A few more tidbits from my city by the fluvial reservoir basin:
...though I must admit that there's really nothing too exciting to report. I haven't hugged a single ursine, I haven’t been party to a high altitude donkey massacre or resulting forced relocation scandal, and I haven’t even come close to bathing naked with the locals (though god knows I’m trying). The settled life just doesn't yield the kind of weird adventures that the peripatetic one did, but then I suppose that’s to be expected.
That’s not to say it hasn’t been interesting, though. Aside from the daily round of Russian roulette on my trusty maroon city cruiser stead (still officially unnamed, but I'm leaning towards Niak Krong: Dragon of the City), there are also the ongoing joys of language lessons with our devoted instructor Sopip (<---) , a real gem of a teacher and my favorite (only) local friend so far. And I like her so much partially because I just relish the absurdity of the Khmer language, with with she will always be associated. I don’t know if I’ve mentioned that Khmer has the longest alphabet in the world (I think, it sure feels like it anyway)—56 letters, 23 of which are vowels. 23 VOWELS. Now I know we have our own challenges in the English language, what with that whole schizophrenic "y" situation muddling up our vowel harmony, but I’m fairly confident that this is harder. Twenty-three vowels! the vast majority of which I’ve only heard produced by cats in heat or maybe sea lions. So you can imagine the scene that unfolds as we try to master these nonsense sounds, the five of us in there with Sopip yowling and aaarping like a bunch of tortured circus animals straining against our own anatomy to make our jaws contort in unnatural and unsightly ways. We have no dignity left to speak of, but we persevere.

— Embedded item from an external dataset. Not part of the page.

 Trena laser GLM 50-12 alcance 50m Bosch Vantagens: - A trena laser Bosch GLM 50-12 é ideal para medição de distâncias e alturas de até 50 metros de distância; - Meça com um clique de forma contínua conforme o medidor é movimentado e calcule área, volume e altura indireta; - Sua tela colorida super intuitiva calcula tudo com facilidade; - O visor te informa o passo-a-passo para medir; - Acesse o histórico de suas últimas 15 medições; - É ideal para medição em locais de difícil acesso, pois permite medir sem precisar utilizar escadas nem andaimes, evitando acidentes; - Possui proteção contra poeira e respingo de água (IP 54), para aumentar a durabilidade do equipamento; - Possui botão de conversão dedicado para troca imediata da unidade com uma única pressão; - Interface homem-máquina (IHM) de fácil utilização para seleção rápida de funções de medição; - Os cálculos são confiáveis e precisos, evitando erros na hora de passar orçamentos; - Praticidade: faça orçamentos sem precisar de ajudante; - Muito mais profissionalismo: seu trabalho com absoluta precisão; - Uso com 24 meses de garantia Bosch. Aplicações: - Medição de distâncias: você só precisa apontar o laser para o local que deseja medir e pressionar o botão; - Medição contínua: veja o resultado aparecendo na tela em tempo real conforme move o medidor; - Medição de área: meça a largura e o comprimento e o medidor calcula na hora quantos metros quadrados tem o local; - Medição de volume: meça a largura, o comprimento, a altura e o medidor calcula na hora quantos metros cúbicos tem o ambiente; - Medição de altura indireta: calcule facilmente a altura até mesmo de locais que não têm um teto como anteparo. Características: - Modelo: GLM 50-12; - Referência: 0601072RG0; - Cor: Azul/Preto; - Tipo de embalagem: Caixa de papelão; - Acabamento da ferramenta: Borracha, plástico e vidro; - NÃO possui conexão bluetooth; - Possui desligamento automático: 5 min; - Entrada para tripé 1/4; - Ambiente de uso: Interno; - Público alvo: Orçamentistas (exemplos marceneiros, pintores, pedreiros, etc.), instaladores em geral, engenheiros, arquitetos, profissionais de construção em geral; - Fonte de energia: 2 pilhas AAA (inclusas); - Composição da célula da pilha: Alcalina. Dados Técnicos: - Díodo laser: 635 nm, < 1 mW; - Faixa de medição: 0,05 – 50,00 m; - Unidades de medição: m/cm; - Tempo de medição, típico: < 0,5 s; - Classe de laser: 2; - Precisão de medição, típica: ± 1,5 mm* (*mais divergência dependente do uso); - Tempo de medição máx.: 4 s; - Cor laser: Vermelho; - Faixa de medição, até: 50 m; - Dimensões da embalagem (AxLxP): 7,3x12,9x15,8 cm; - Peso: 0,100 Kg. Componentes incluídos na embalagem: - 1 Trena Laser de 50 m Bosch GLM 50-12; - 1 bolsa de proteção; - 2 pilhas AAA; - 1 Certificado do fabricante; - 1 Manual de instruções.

In other news, I found an apartment and signed a lease this week, so I’m now an official resident of this madhouse of a city, a real Pnompenoise if you will. Our apartment is great, a little haven of cross breezes and natural light set back away from the street in a quiet alley next to a coconut tree. I’ll be living with another volunteer, Kim, who most recently hails from Idaho but grew up in Indonesia and Thailand, went to high school in DC, worked at the SAME grassroots campaigns office I did in LA for the Kerry campaign, and is a firm believer in the power of pet psychics. How could we not get along! We’re planning to get a kitten and I want to name it Sopip after my language teacher but I still have to feel her out on that one. I mean it as a compliment but I’m not sure if that sentiment translates well.

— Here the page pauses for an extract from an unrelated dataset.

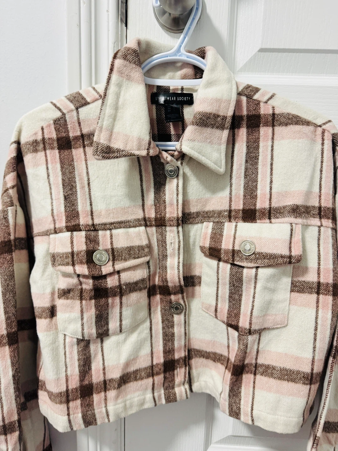 Here's a cute plaid crop jacket from Westwear Society. It's in great condition and features a classic plaid pattern. Perfect for adding a touch of style to any outfit!

And then there's the rest of the crew, shown above, who are all characters in their own right but good people for sure.
So that’s really the scoop. I’m planning a trip to Vietnam next week with Tex Mex Charlsea and then I start work September first. In the meantime I’m drinking lots of cat-orange-water and occasionally indulging in a passion fruit smoothie when the mood strikes. I’m sweaty literally all the time, but life is good.
I want to hear about labor day plans and whatever else is going on back there in the land of the reasonable vowel sounds.